If your charity is running Meta Ads as part of its fundraising and marketing efforts, this is relevant to you.

So what is Andromeda, exactly, and what do charities need to know about it?

Andromeda is the latest shift in a push towards automation

Andromeda is an engineering and infrastructure upgrade to how Meta’s algorithm decides what ads get shown to which users.  It capitalises on:

  • larger deep learning models
  • better GPU / AI hardware
  • faster inference
  • larger candidate pools

It’s a pretty big shift, but also one that’s a natural next step in Meta’s push towards more AI-driven, signal-based automation.

In summary: if your ad strategy has already been evolving over the last few years to accommodate changes in Meta’s algorithm, then this update is not seismic for you.

But if you’re still running ads the same way you were three or four years ago, then this update will probably feel pretty huge.

Meta’s ad retrieval system needed an update

In order for your ads to appear on Meta, its machine learning has to go through a process to retrieve ads, then rank them in an auction.

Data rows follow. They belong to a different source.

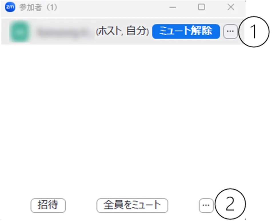 • ①参加者にカーソルを合わせたときに現れる「・・・」
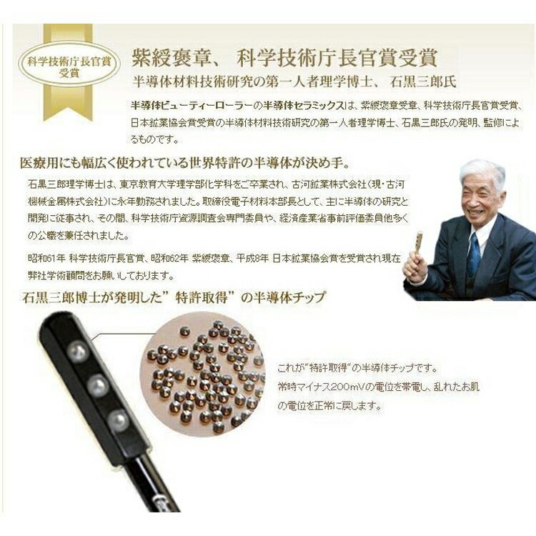 半導体ビューティーローラーナノイオンクラスター ●商品ポイント 業界初のマイナスイオン発生機能を搭載し、医療用にも幅広く使われている世界特許の半導体チップを使用した贅沢な美顔ローラーです。
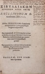 SIBYLLIAKON CHRESMON LOGOI OKTO. Sibyllinorum oraculorum libri VIII. Addita Sebastiani Castalionis interpretatione Latina, quae Graeco eregione respondeat. Cum annotationib. Xysti Betuleij... Basileae : per Ioannem Oporinum (Al colophon : ) 1555.
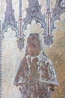 1527. Brass to Peter Leigh (age 72) and Eleanor Savage (age 75). The only example of a brass with a Priest in armour with sword. He became a Priest after his wife died. .
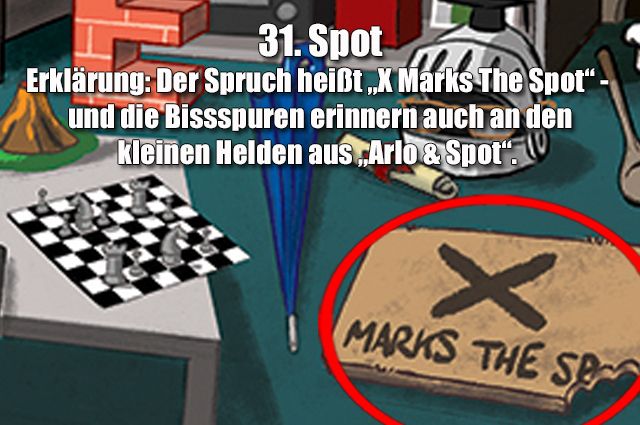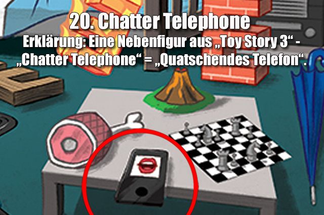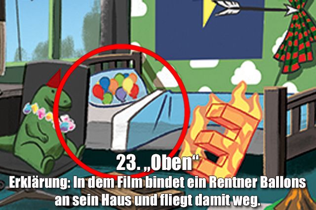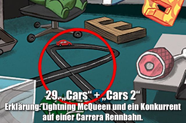 Wer findet alle 33 Anspielungen auf Pixar-Filme und -Figuren auf diesem Bild?
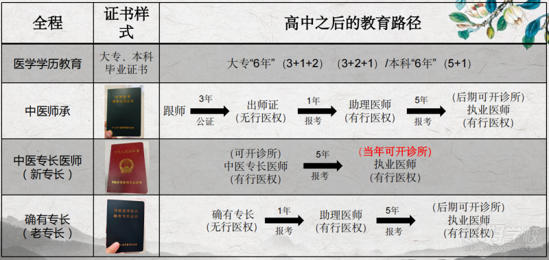 主要为非学历教育的中医传承模式,适合无医学专业背景但希望从事中医行业的人群,核心是

Previously, advertisers could define who they wanted to target by interest, demographic or behaviour, or by customised lists. Meta matched these targeting requirements to individual users on the platform. Campaigns would enter an ad auction in which ad units competed against those from other advertisers who were targeting the same audience. The auction picked the winner, and ads were placed.

Andromeda upgrades Meta’s ad retrieval system, and shifts performance to being more signal-based. The ad auction still exists, so factors like predicted action rate, ad quality signals and bid and value optimisation are still key to campaign planning.

To strengthen signals, biggest testing pools and more creative diversity is needed. But we’ll come onto that in a moment.

Why did Meta make the change?

The broader industry context is that Meta’s come under fire in the last decade over its handling and sharing of user data.

The same targeting precision that’s allowed us to run successful fundraising, activism or awareness campaigns has also allowed other advertisers to influence political elections and decision-making. The same algorithms that help us to capture audiences with strong affinities are the same ones that have allowed tribalism and polarization to develop.

Platforms are under pressure to resolve this, and one way we’ve seen this play out on Meta is in the gradual disappearance of highly specific targeting options. 

In the past, you could target someone who likes Oxfam, listens to grime music and is likely observing Ramadan. But now these signals are disappearing. 

While this is on balance an ethical development, it does throw up some practical challenges when it comes to ad delivery.

AI has become more threaded through advertising

AI isn’t actually new to the advertising space. For years now, what ads you see, when and on what platforms has been decided by machine learning.

But in the last few years, automation tools like Advantage+, generative copy and dynamic creative have made it easier to create and test at scale – which is seriously putting Meta’s machine learning to the test.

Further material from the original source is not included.